Blood and Rage by Burleigh
After an extended hiatus, Summer Series 2010: Reviewing the Books! re-starts……
Blood and Rage: A Cultural History of Terrorism by Michael Burleigh
British historian Michael Burleigh brings the same kind of unsparingly brutal prose to the history of terrorism that he previously delivered on National Socialism in his acclaimed, The Third Reich: A New History. There is a wealth of detail about terrorists, their casual atrocities and the warped morality that terrorists habitually employ to rationalize their crimes; a nihilistic mentalite shared with their intellectual groupies in universities and political law firms that will shock and inform the reader. The scattered nature of the case studies that comprise modern terrorism though, makes Blood and Rage more of a kaleidescope than microscope.

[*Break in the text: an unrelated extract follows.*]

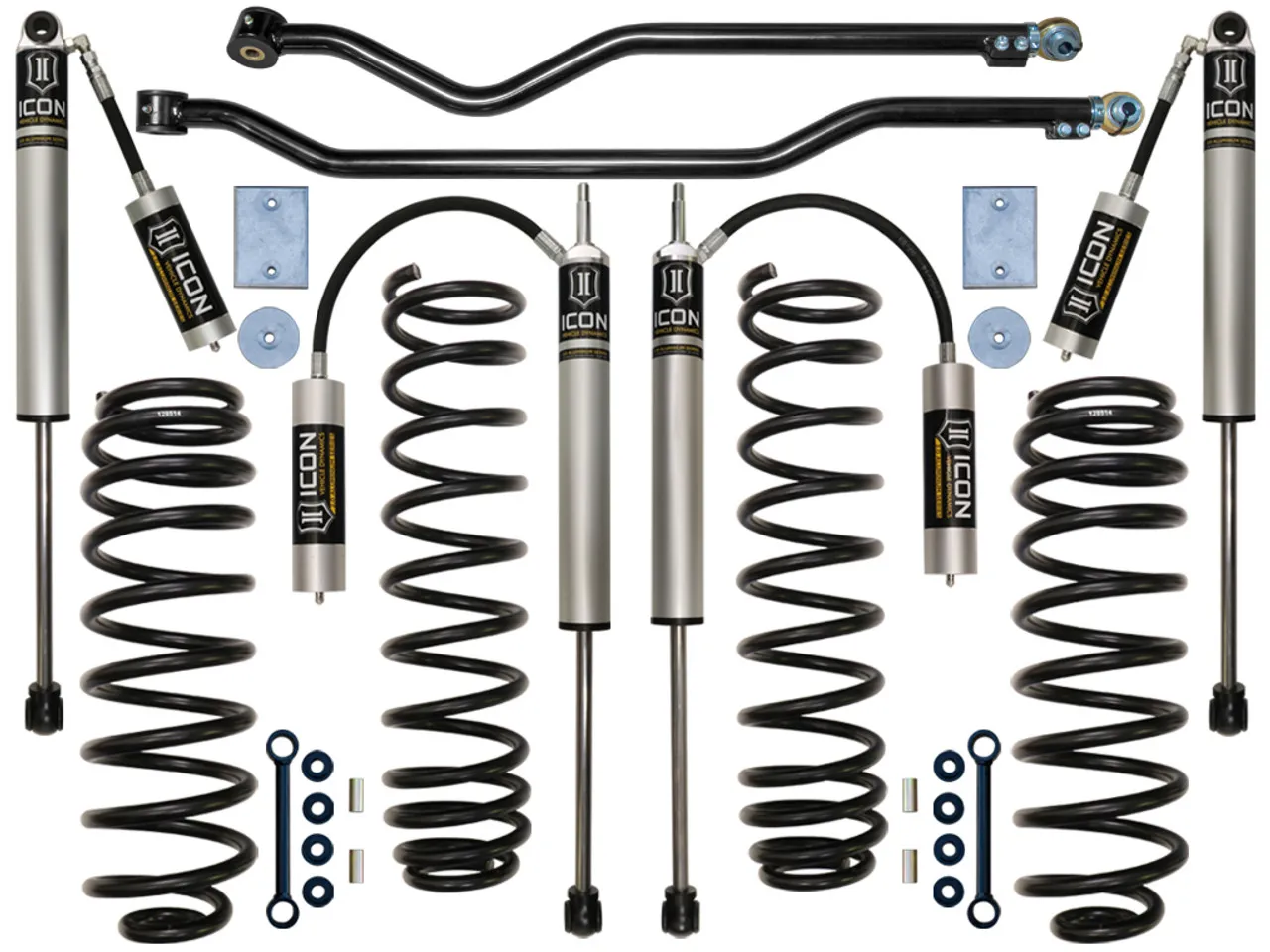 The ICON Vehicle Dynamics 3" Lift Suspension System is designed for Jeep JK owner's demanding the ultimate in performance and ride quality, without the larger stance you find in bigger lift systems on today's market. ICON's Jeep Wrangler JK 3" lift system is engineered with front and rear dual rate progressive wound springs which is the foundation for on and off-road performance and suspension articulation. The dual rate design gives you a softer initial rate for superb on road comfort and a firmer than stock secondary rate that increases during compression for excellent bottom out control. ICON V.S. 2.0 Aluminum Series Remote Reservoir shocks add the finishing touch with OE mounting, aircraft grade components, and vehicle specific valving. Remote Reservoir shocks are great for additional heat dissipation to prevent shock fade during off road use. Together the combination of ICON dual rate coils and V.S. 2.0 Aluminum Series shocks adds 30% more wheel travel over stock, helping you rock crawl safer or soak up larger terrain at higher speeds keeping those wheels on the ground. In this Stage 3 system adjustable track bars are included front and rear for optimizing axle position to ensure your axles are perfectly centered under the vehicle. This ICON 3" JK lift system is designed from the ground up to give the Jeep Wrangler JK's the best performance, suspension handling / ride quality, and clearance for 33" tall tires (35" tall with installation of aftermarket high-clearance fenders).

Burleigh set out to chronicle a comprehensive examination of the evolution of terrorism in the last two centuries. There are Feinians and radicalized Russian Narodniks, murderous FLN Algerians and their pied noir OAS blood enemies, Irgun gunmen and Black September, ETA, IRA and Baader-Meinhoff gangsters consorting with Palestinian radicals and Herbert Marcuse. Burleigh dissects the psychopathology of ultraviolent degenerates like Hugh “Lenny” Murphy, Abu Musab al-Zarqawi and Andreas Baader. Terrorists, statistically speaking, are generally not madmen in a clinical sense, but Burleigh records a noteworthy exception regarding Germany’s Baader-Meinhoff Gang:
….With their numbers by now reduced to about a dozen people, the group was desperate for new recruits. Salvation came from an unlikely quarter. The mad. A radical psychiatrist at Heidelberg University, influenced by the anti-psychiatry of R.D. Laing and the anti-institutionalisation theories of Franco Basaglia, had formed a socialist collective among the mainly student clientele he was treating for various mental disturbances common to that age cohort including depression, paranoia and mild schizophrenia. In early 1971 Baader and Ensslin visited Heidelberg where they met some of the radicalized patients. In the following years, about twelve of the latter, including Gerhard Muller, Siegfried Hausner, Sieglinde Hofmann, Lutz Taufner and others became the second generation of RAF terrorists, initially under the slogan “Crazies to Arms”.